3 Variable Linear Equation using Elimination... HELP!!!

[burton4550]

Hi all, first post, and I firstly want to say, I'm not looking for answers, just wanting to learn how to do this correctly. I've been having all kinds of issues with it and could really use someone to let me know what I'm doing wrong? Ok so here is what I have so far.


Every time I try and solve this problem I keep getting fractions. I can't figure out how to solve it and just get whole numbers.


Here's the problem. 3 equations, 3 variables, need to solve using the elimination method. Any help would be much appreciated.

x -2 +z = 6

2x +y -3 = 3

x -3y +3z = 10



I took -2 and multiplied it by the top row

Then added this to the second row.

-2x +4 -2z =-12

2x +y -3 = 3

I canceled out the 2x

5y -5z = -9

I set this aside and did another equations to get an equation with variables y and z only.

I took the top one and multiplied it by -1. Then I added it to the 3rd row. The x's cancel out.

-x 2 -z = -6

x -3y +3z = 10



-1y +2z = 4

Now I have 2 equations with only 2 variables.

I multiplied the bottom line by 1 to cancel out the y's. Then I added them.

5y -5z = -9

-1y +2z = 4



-5y +2z = 4

5y -5z = -9

-3z=-5

Then I divided -3 from both sides.

then I get z =5/3



Then I plug this in to the equation with only 2 variables to solve for x.

x -2 + 5/3 = 6

-2x + 5/3 = 6

-2x + 5/3 = 3/10

Divide -2 from both sides

x = 6/100 simplify

x=3/50



I'm going to stop here cause I already know it's wrong and there's no point to keep going. Please help with this, it's seriously driving me crazy!

 

[stapel]

Every time I try and solve this problem I keep getting fractions. I can't figure out how to solve it and just get whole numbers.

If the solution values actually are fractions, then there is no possible way to "just get whole numbers" as a correct solution. Why do you think that the solution must be whole numbers?

...need to solve using the elimination method.

x -2 +z = 6
2x +y -3 = 3
x -3y +3z = 10

From what you've posted (below), I'm going to guess that the original system was actually as follows:

. . . . .\(\displaystyle \begin{array}{rrrrrcr}x&-&2y&+&z&=&6\\2x&+&y&-&3x&=&3\\x&-&3y&+&3z&=&10\end{array}\)

I took -2 and multiplied it by the top row

Then added this to the second row.

This means that you added -2R₁ + R₂:

. . . . .\(\displaystyle -2x\, +\, 4y\, -\, 2z\, =\, -12\)
. . . . .\(\displaystyle +2x\, +\, 1y\, -\, 3z\, =\, +3\)

...to get a new R₂:

. . . . .\(\displaystyle 0x\, +\, 5y\, -\, 5z\, =\, -9\)

I set this aside and did another equations to get an equation with variables y and z only.

I took the top one and multiplied it by -1. Then I added it to the 3rd row.
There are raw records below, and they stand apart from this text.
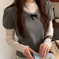 여성 봄 데일리 벨벳 퍼프 반팔 티셔츠
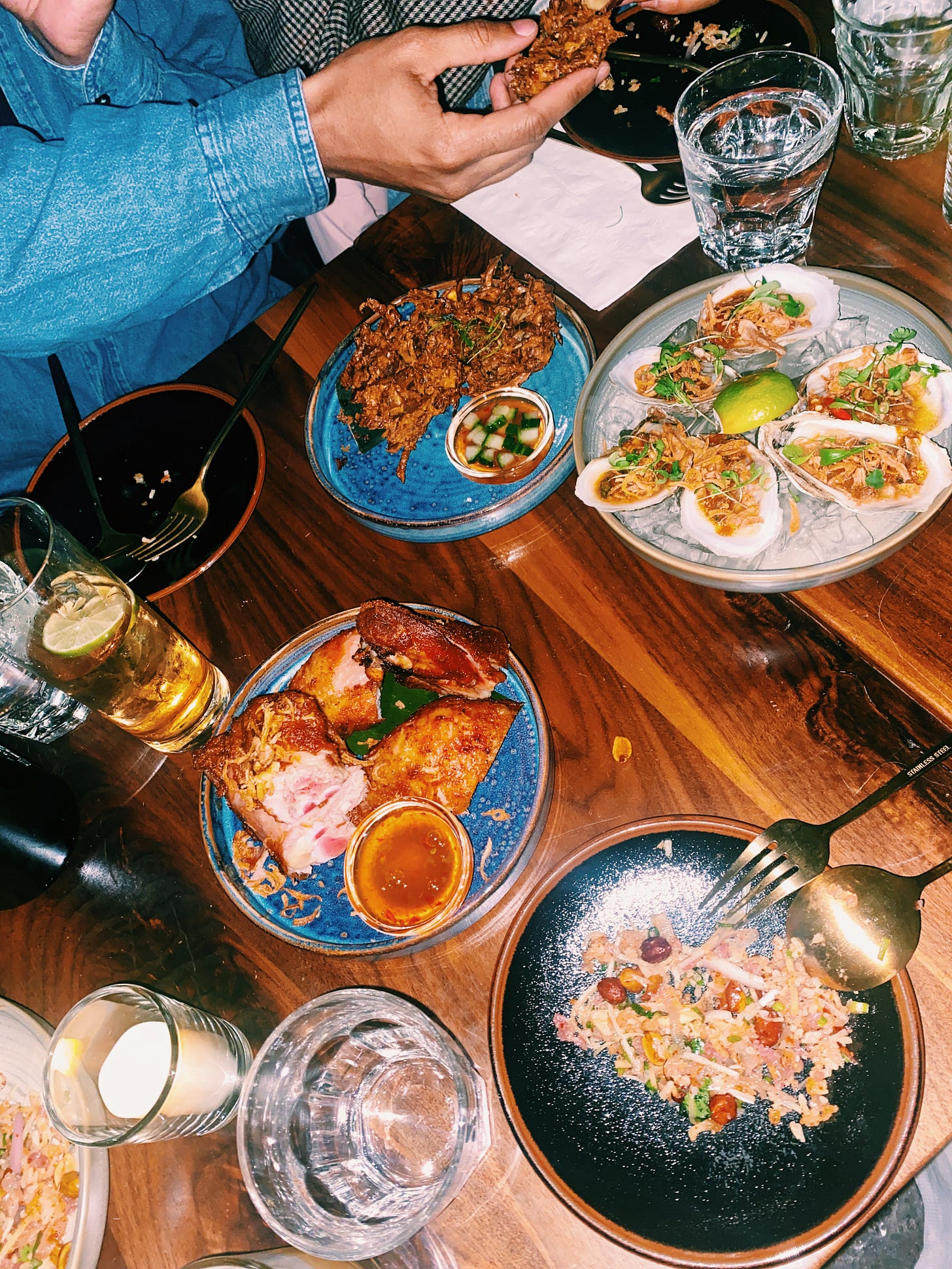 Also — I want to take a brief moment to shout out a Brooklyn Thai joint that has steadily entered my top-5 favorite restaurants: Tong. Some friends and I dined there earlier this week to celebrate my birthday. We ate hat yai fried chicken and larb gai and banana blossom fritters and the most delicious oysters with lemongrass and chili jam. Three years ago I spent my golden birthday drinking Changs and eating mango sticky rice on Khao San Road in Bangkok with a group of strangers I had met earlier in the afternoon. The tradition lives on …
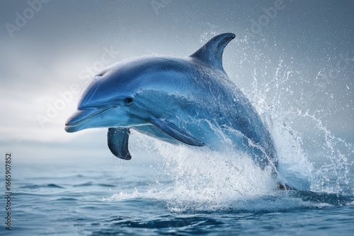 © Iftikhar alam, Fototapeta premium Bottlenose dolphin leaps joyfully from ocean waves at dawn showcasing its playful nature
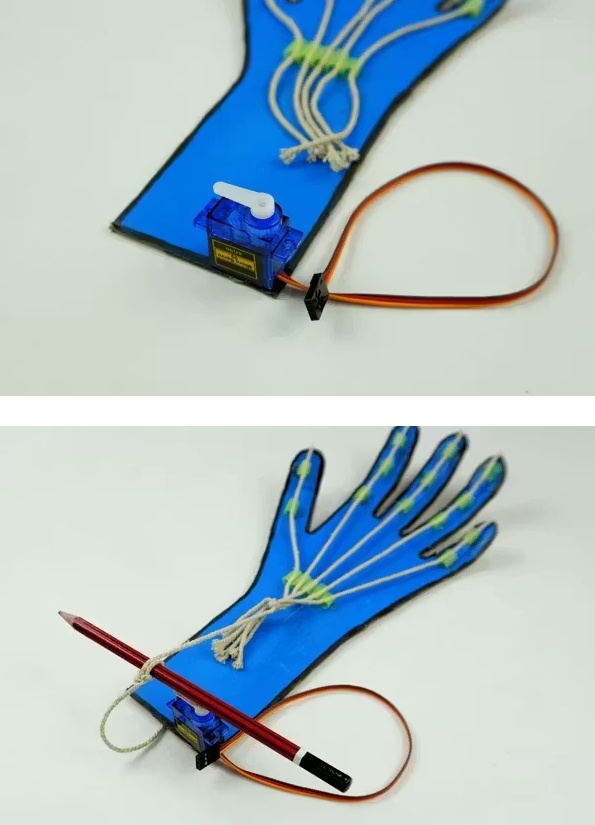 彎曲你的手臂來移動伺服電機(jī)。這是真實(shí)世界中假肢的工作原理。

The x's cancel out.

This means that you added -1R₁ + R₃:

. . . . .\(\displaystyle -1x\, +\, 2y\, -\, 1z\, =\, -6\)
. . . . .\(\displaystyle +1x\, -\, 3y\, +\, 3z\, =\, 10\)

...to get a new R₃:

. . . . .\(\displaystyle 0x\, -\, 1y\, +\, 2z\, =\, 4\)

Now I have 2 equations with only 2 variables.
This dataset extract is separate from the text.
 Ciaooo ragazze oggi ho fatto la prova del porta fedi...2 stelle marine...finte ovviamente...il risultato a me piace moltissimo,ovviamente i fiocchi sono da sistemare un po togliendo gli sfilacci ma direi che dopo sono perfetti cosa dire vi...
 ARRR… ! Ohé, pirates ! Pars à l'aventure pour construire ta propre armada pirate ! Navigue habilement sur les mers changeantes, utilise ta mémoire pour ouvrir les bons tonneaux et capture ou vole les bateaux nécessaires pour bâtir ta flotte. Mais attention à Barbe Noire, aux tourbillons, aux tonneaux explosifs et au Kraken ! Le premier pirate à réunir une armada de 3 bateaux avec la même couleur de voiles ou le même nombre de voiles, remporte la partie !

Sort of. The first row still exists; you're just ignoring it for the moment. The full system is now:

. . . . .\(\displaystyle \begin{array}{rrrrrcr}x&-&2y&+&z&=&6\\0x&+&5y&-&5z&=&-9\\0x&-&1y&+&2z&=&4\end{array}\)

I multiplied the bottom line by [5] to cancel out the y's. Then I added them.

This means that you multiplied the new R₃ by 5, adding 5R₃ + (new) R₂:

. . . . .\(\displaystyle 0x\, -\, 5y\, +\, 10z\, =\, 20\)
. . . . .\(\displaystyle 0x\, +\, 5y\, -\, 5z\, =\, -9\)

...to get a new R₂:

. . . . .\(\displaystyle 0x\, +\, 0y\, +\, 5z\, =\, 11\)

The system is now:

. . . . .\(\displaystyle \begin{array}{rrrrrcr}1x&-&2y&+&z&=&6\\0x&+&0y&+&5z&=&11\\0x&-&1y&+&2z&=&4\end{array}\)

Something went wrong in your computations; it looks like maybe you only multiplied part of the equation by 5...? Anyway, you can continue your working from the above. But the new second row makes it clear that, since 5z = 11, there is no way that this can have a whole-number solution.

 

[burton4550]

Thank you for the help on this one. I was actually able to figure it out. I did have the first equation written wrong which is why I kept getting the wrong answers for the variables.

I left out the y like you mentioned in that first equation